WHAT YOU HAVE TO DO
Leave the pictures out and transcribe every record exactly.

(Dataset records)
***

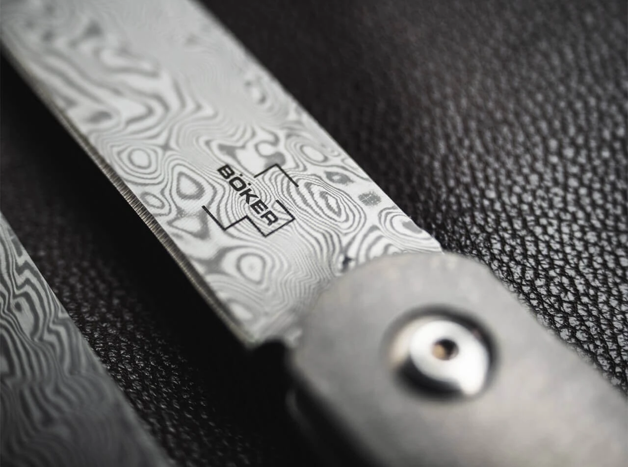 Das Böker Plus LRF Damast von Kansei Matsuno entspricht in seiner schlanken und geradlinigen Ästhetik wie kaum ein anderer Entwurf dem Ideal des japanisch inspirierten Gentlemanmessers. Die elegante Klinge aus rostfreiem Damast besteht aus 110 Lagen, wird per Frontflipper geöffnet und bietet durch die Kugellagerung einen seidenweichen Gang. Die Griffschalen aus hochfestem Titan sitzen auf Titanplatinen, die den Linerlock beherbergen. Eine große Fangriemenöse und der praktische Deep-Carry-Clip (Tip-up/r) aus Titan ermöglichen ein komfortables Tragen des Leichtgewichtes. Mit hochwertigem Nylon-Etui zur Aufbewahrung.
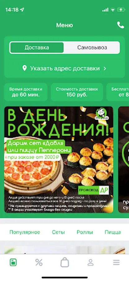 Always at hand, in the application - order history, our promotions. We will remember your delivery addresses, re-issuing will be even easier and faster!
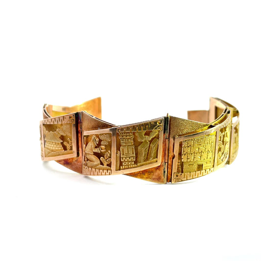 Modern 18KY gold Peruvian Story articulated link bracelet
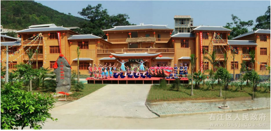 百色市右江區(qū)永樂鄉(xiāng)距百色城區(qū)20公里,地處澄碧湖畔,總占地面積約4.15平方公里,共348戶1428人,由華潤集團(tuán)無償捐資5000萬元建設(shè),是全國首個“華潤希望小鎮(zhèn)”,也是廣西目前建設(shè)規(guī)模最大的社會主義新農(nóng)村示范點(diǎn),堪稱廣西第一村。 小鎮(zhèn)環(huán)境優(yōu)美,民風(fēng)淳樸。華潤希望小鎮(zhèn)毗鄰澄碧湖旅游風(fēng)景區(qū),空氣清新,河水清澈,具有優(yōu)美的山水風(fēng)光和典型的農(nóng)業(yè)景觀。
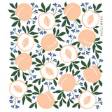 These peaches and delicate blue flowers will transport you to the farm fruit stands of late summer filled with ripe, fragrant peaches. This tea towel features an original illustration hand drawn by me, Susan Hazel Rich. Each towel is sewn in the Midwest USA from the highest quality 100% cotton flour sack fabric. The flour sack material is woven with a unique fiber pattern, which provides a truly absorbent, soft and washable towel. The designs are carefully screen printed in the Midwest USA with environmentally friendly inks. Hazelmade’s process includes a professional finish, which sets the ink colors to provide long-lasting color even after multiple trips through the washer and dryer. Hazelmade’s towels were designed with beauty and durability in mind. They are meant to be used every day and are sure to brighten any space. My towels are intentionally designed with what is called a "drop design" rather than an edge-to-edge pattern. This signature Hazelmade style has hidden function behind it; a wide fabric border around the design creates a towel with an increased area for extra absorbency. These design motifs display best when draped over oven handles or towel racks.
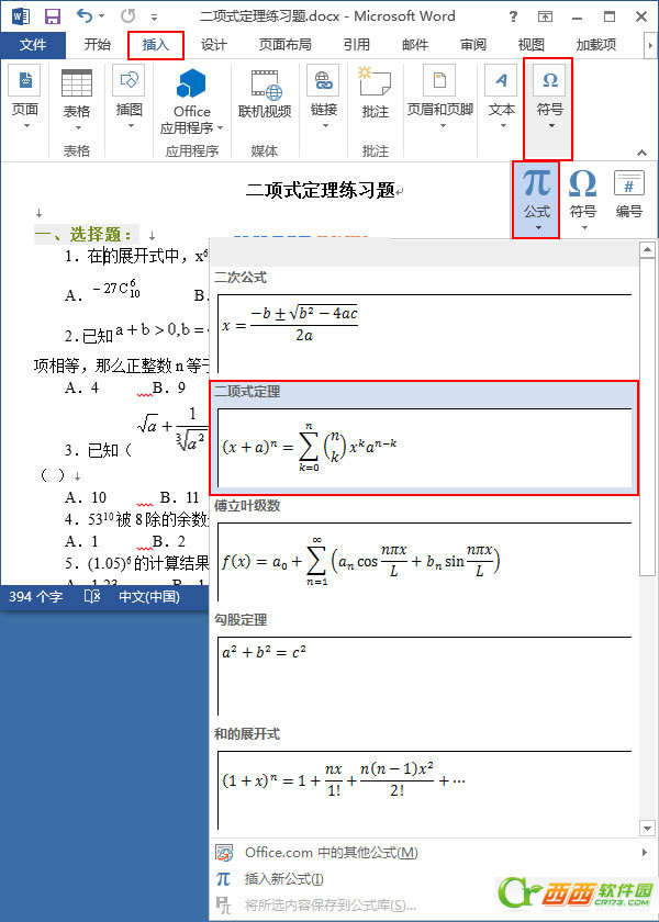 1、用Word2013打开一篇文档,将光标定位到我们需要插入公式的位置,并切换到“插入”选项卡,我们现在选择“符号”选项组中的“公式”命令,然后就可以根据自己的需要插入公式了。例如,我们现在选择“二项式定理”。
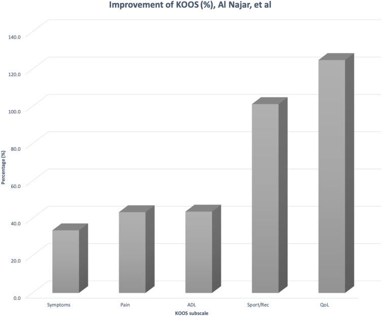 KOOS:比較了不同劑量和頻率的間充質干細胞治療下每個子量表的KOOS評分改善情況圖1–3。

***

EXERCISE OUTPUT
 Das Böker Plus LRF Damast von Kansei Matsuno entspricht in seiner schlanken und geradlinigen Ästhetik wie kaum ein anderer Entwurf dem Ideal des japanisch inspirierten Gentlemanmessers. Die elegante Klinge aus rostfreiem Damast besteht aus 110 Lagen, wird per Frontflipper geöffnet und bietet durch die Kugellagerung einen seidenweichen Gang. Die Griffschalen aus hochfestem Titan sitzen auf Titanplatinen, die den Linerlock beherbergen. Eine große Fangriemenöse und der praktische Deep-Carry-Clip (Tip-up/r) aus Titan ermöglichen ein komfortables Tragen des Leichtgewichtes. Mit hochwertigem Nylon-Etui zur Aufbewahrung.
 Always at hand, in the application - order history, our promotions. We will remember your delivery addresses, re-issuing will be even easier and faster!
 Modern 18KY gold Peruvian Story articulated link bracelet
 百色市右江區(qū)永樂鄉(xiāng)距百色城區(qū)20公里,地處澄碧湖畔,總占地面積約4.15平方公里,共348戶1428人,由華潤集團(tuán)無償捐資5000萬元建設(shè),是全國首個“華潤希望小鎮(zhèn)”,也是廣西目前建設(shè)規(guī)模最大的社會主義新農(nóng)村示范點(diǎn),堪稱廣西第一村。 小鎮(zhèn)環(huán)境優(yōu)美,民風(fēng)淳樸。華潤希望小鎮(zhèn)毗鄰澄碧湖旅游風(fēng)景區(qū),空氣清新,河水清澈,具有優(yōu)美的山水風(fēng)光和典型的農(nóng)業(yè)景觀。
 These peaches and delicate blue flowers will transport you to the farm fruit stands of late summer filled with ripe, fragrant peaches. This tea towel features an original illustration hand drawn by me, Susan Hazel Rich. Each towel is sewn in the Midwest USA from the highest quality 100% cotton flour sack fabric. The flour sack material is woven with a unique fiber pattern, which provides a truly absorbent, soft and washable towel. The designs are carefully screen printed in the Midwest USA with environmentally friendly inks. Hazelmade’s process includes a professional finish, which sets the ink colors to provide long-lasting color even after multiple trips through the washer and dryer. Hazelmade’s towels were designed with beauty and durability in mind. They are meant to be used every day and are sure to brighten any space. My towels are intentionally designed with what is called a "drop design" rather than an edge-to-edge pattern. This signature Hazelmade style has hidden function behind it; a wide fabric border around the design creates a towel with an increased area for extra absorbency. These design motifs display best when draped over oven handles or towel racks.
 1、用Word2013打开一篇文档,将光标定位到我们需要插入公式的位置,并切换到“插入”选项卡,我们现在选择“符号”选项组中的“公式”命令,然后就可以根据自己的需要插入公式了。例如,我们现在选择“二项式定理”。
 KOOS:比較了不同劑量和頻率的間充質干細胞治療下每個子量表的KOOS評分改善情況圖1–3。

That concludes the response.